Under-reporting by surgical pathologists in tissue removed during revision surgery for metal-on-metal arthroplasties

Anthony Velleca a,*, Stephen Pournaras b, Eli Bryk c, Vincent Vigorita b
PMCID: PMC11060295  PMID: 38694334

Abstract

Although adverse local tissue reactions (ALTR) have been reported for metal-on-metal implants (MoM) requiring early revision surgery, no study has looked at the accuracy of surgical pathologists in diagnosing ALTR. This study aims to investigate the accuracy of reporting adverse local tissue reactions in tissue samples following revision surgery from metal-on-metal implants. The authors reviewed histology glass slides as well as the original pathology reports of tissue processed in revision arthroplasties in 23 cases. These samples were microscopically analyzed for tissue necrosis and cystic degeneration, the presence of metal particles, corrosion byproducts, membrane formation, histiocytic cells, lymphocytic cells, and vascular pathology. The authors’ findings were then compared to their corresponding original pathology reports. The authors found consistent under-reporting of the tissue findings. Most importantly, 18 samples showed evidence of metal present compared to 2 samples on original pathology reporting. The authors found that 15 samples showed evidence of pathological membranous tissue compared to just 6 on original pathology reporting. While just 3 of the original pathology reports indicated the presence of areas of predominantly lymphocytic inflammatory cells, the authors found 13 examples of such areas. Although ALTR reactions have been described as a sequala of failed MoM, the authors’ data suggest that ALTR may occur more frequently than previously described. Under-reported findings of ALTR deprive both the patient and orthopaedic surgeon of important information that can help guide further follow-up.

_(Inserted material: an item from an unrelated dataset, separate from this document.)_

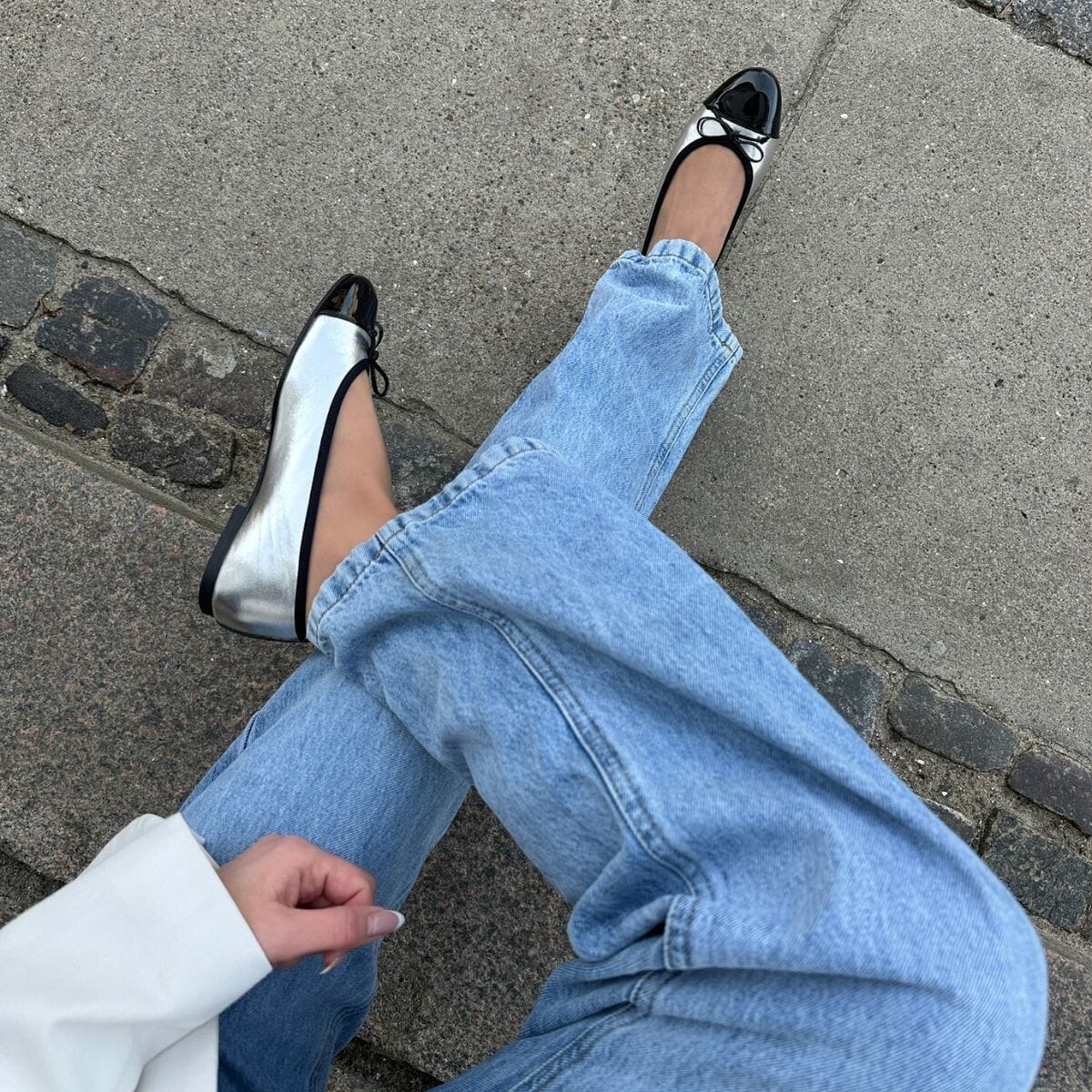 Ballerina's van zilver metallic leer met zwarte gelakte neus. De schoenen hebben een Tunit-zool en zijn geproduceerd met duurzame productie, gecertificeerd door de Leather Working Group.

Keywords: adverse local tissue reactions, metal-on-metal arthroplasty, metallosis, revision arthroplasty

Introduction

Highlights

  • Tissue reactions in failed metal-on-metal arthroplasties are often unrecognized.

  • As a result, the patient’s surgeon may not do the appropriate follow-up.

  • If not reported, this can have medical consequences for the patient.

Despite being one of the most significant developments in surgery in the last 70 years, there is still no perfect joint implant to replace the natural joint, so efforts to improve materials and design continue. During the 1990s, there was a renewed interest in metal-on-metal (MoM) implants for hip arthroplasty due to the absence of polyethylene debris and reputed decreased wear rates and dislocations. At one point, MoM implants were used in approximately one-third of all total hip arthroplasties in the United States1.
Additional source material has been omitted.